I don't currently have access to a big-endian machine to test this out, but the idea is if each byte is written one at a time each individual byte can be independently written or read from the stream. Then the CPU can handle endianness by hiding these details behind the shifting operations. Is this true, and if not could anyone please explain why not?

Answer 1

If I read/write one byte at a time to/from a stream and shift each byte like the below examples, will the results be consistent regardless of machine endianness?

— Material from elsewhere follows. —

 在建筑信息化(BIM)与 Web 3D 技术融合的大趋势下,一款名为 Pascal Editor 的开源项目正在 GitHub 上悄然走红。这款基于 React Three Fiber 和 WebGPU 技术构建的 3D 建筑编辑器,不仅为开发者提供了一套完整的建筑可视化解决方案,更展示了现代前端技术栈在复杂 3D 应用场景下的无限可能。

Yes. Your s_write_uint32() function stores the bytes of the input value in order from least significant to most significant, regardless of their order in the native representation of that value. Your s_read_uint32() correctly reverses this process, regardless of the underlying representation of uint32_t. These work because

• the behavior of the shift operators (<<, >>) is defined in terms of the value of the left operand, not its representation
• the & 0xff masks off all bits of the left operand but those of its least-significant byte, regardless of the value's representation (because 0xff has a matching representation), and
• the |= operations just put the bytes into the result; the positions are selected, appropriately, by the preceding left shift. This might be more clear if += were used instead, but the result would be no different.

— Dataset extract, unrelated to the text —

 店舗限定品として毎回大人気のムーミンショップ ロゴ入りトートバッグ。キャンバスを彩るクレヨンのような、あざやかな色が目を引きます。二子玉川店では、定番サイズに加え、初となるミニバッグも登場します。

Note, however, that to some extent, you are reinventing the wheel. POSIX defines a function pair htonl() and nothl() -- supported also on many non-POSIX systems -- for dealing with byte-order issues in four-byte numbers. The idea is that when sending, everyone uses htonl() to convert from host byte order (whatever that is) to network byte order (big endian) and sends the resulting four-byte buffer. On receipt, everyone accepts four bytes into one number, then uses ntohl() to convert from network to host byte order.

Answer 2

It'll work but a memcpy followed by a conditional byteswap will give you much better codegen for the write function.

#include <stdint.h>
#include <string.h>

#define LE (((char*)&(uint_least32_t){1})[0]) // little endian ? 
void byteswap(char*,size_t);

uint32_t s2_read_uint32(uint8_t** p)
{
    uint32_t value;
    memcpy(&value,*p,sizeof(value));
    if(!LE) byteswap(&value,4);
    return *p+=4, value;
}

 void s2_write_uint32(uint8_t** p, uint32_t value)
{
    memcpy(*p,&value,sizeof(value));
    if(!LE) byteswap(*p,4);
    *p+=4;
}

Gcc since the 8th series (but not clang) can eliminate this shifts on a little-endian platforms, but you should help it by restrict-qualifying the doubly-indirect pointer to the destination, or else it might think that a write to (*p)[0] can invalidate *p (uint8_t is a char type and therefore permitted to alias anything).

void s_write_uint32(uint8_t** restrict p, uint32_t value)
{
    (*p)[0] = value & 0xFF;
    (*p)[1] = (value >> 8 ) & 0xFF;
    (*p)[2] = (value >> 16) & 0xFF;
    (*p)[3] = value >> 24;
    *p += 4;
}